Small consolation: the situation is not specific to France. Inflation, which affects the entire euro zone – it even exceeds 10% in the Baltic countries! –, also eats away at the savings of our neighbours. In Germany, the real rate of savings account remuneration thus plunged to −7%. Insofar as France benefits from the lowest inflation in the monetary union, thanks to state aid, which cushions the rise in energy prices, “It is in our country that the loss is the least”, says Mr. Dor. Life insurance is hardly better off when it is invested in euros, which is the case for 60% of its total outstandings (1,857 billion euros, at the end of March).

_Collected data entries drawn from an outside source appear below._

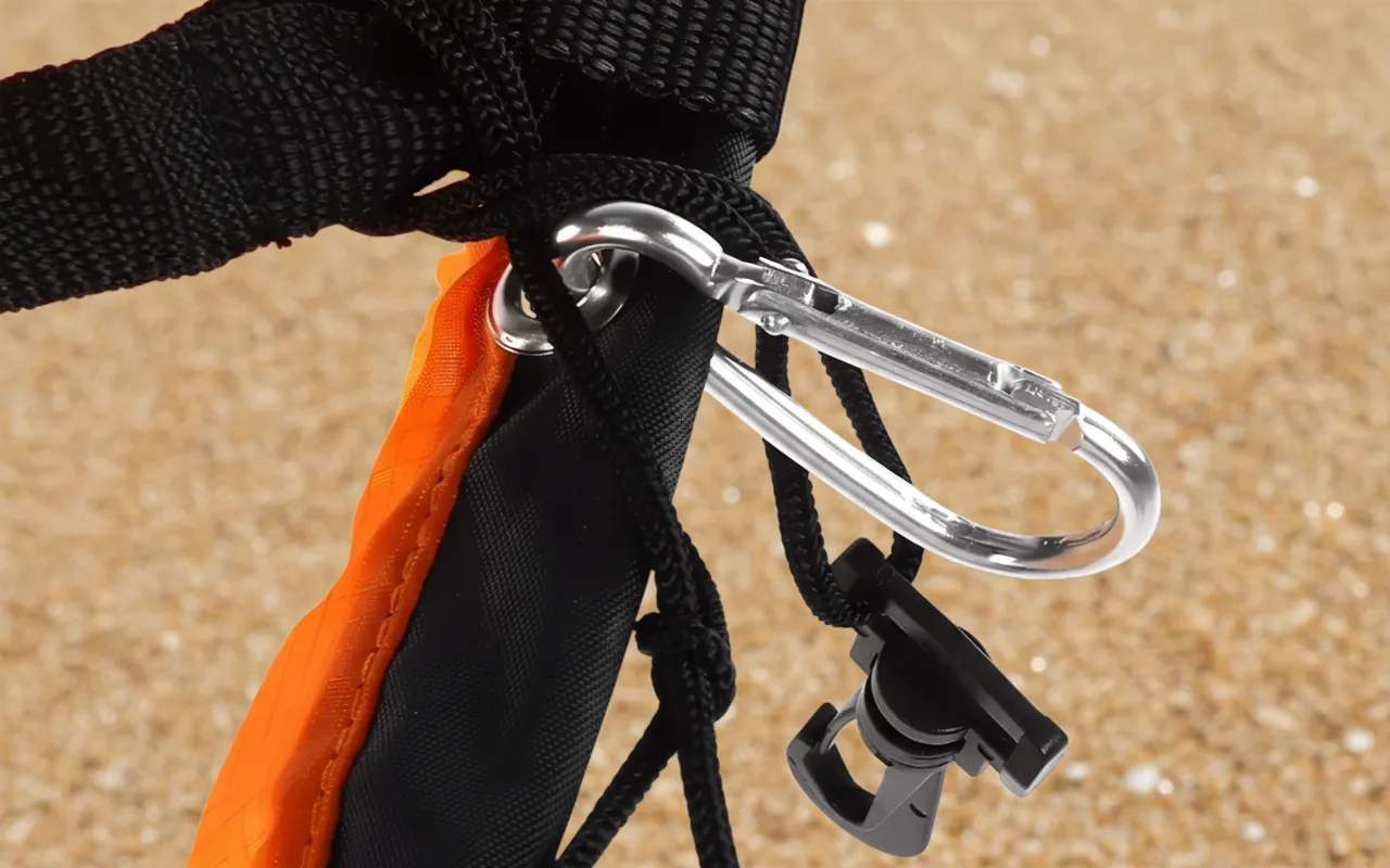 Abra e prenda a vela para caiaque Threo em segundos, usando mosquetões resistentes. Nenhuma ferramenta ou instrução complicada atrasa você na margem.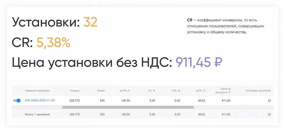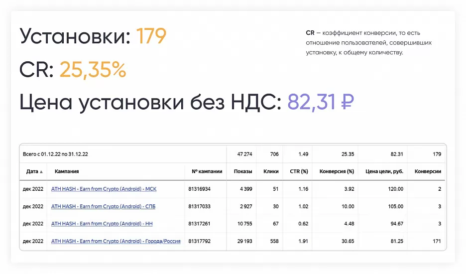 Стоит также отметить, что запуск рекламы в ВКонтакте пришелся на тот период, когда сервис отключил возможность настройки рекламы мобильных приложений в старом рекламном кабинете и выпустил данный инструмент в бета-версии в новом рекламном кабинете «VK Реклама». Без проблем не обошлось, новый кабинет то и дело выдавал ошибки, отклонял рекламу по непонятным причинам, и только благодаря оперативной поддержке наших агентских менеджеров из ВК нам удалось преодолеть все эти сложности и запустить рекламные кампании.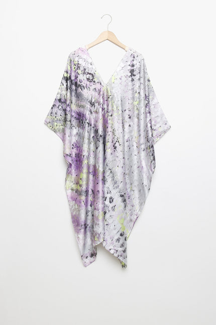 Kimono fluido estampado. Cuello pico. Manga corta. Talla única.

“During large shocks, households no longer prioritize their consumption. » Alain Tourdjman, director of economic and prospective studies within the BPCE group

Yet, while inflation impoverishes savers, it does not discourage them from saving money. On the contrary, it even pushes them, to a certain extent, to be extra careful. The French savings rate, which rose above the 20% mark (of their gross disposable income) during the Covid-19 crisis, has hardly come down since, despite the end of the confinements, which had constrained consumption. After having signed its best year since 2010 in 2021, life insurance is doing like a charm, with 8.4 billion earned in the first quarter of 2022, when inflation was already threatening. Same thing for Livret A: an additional 12.2 billion have been placed there since January.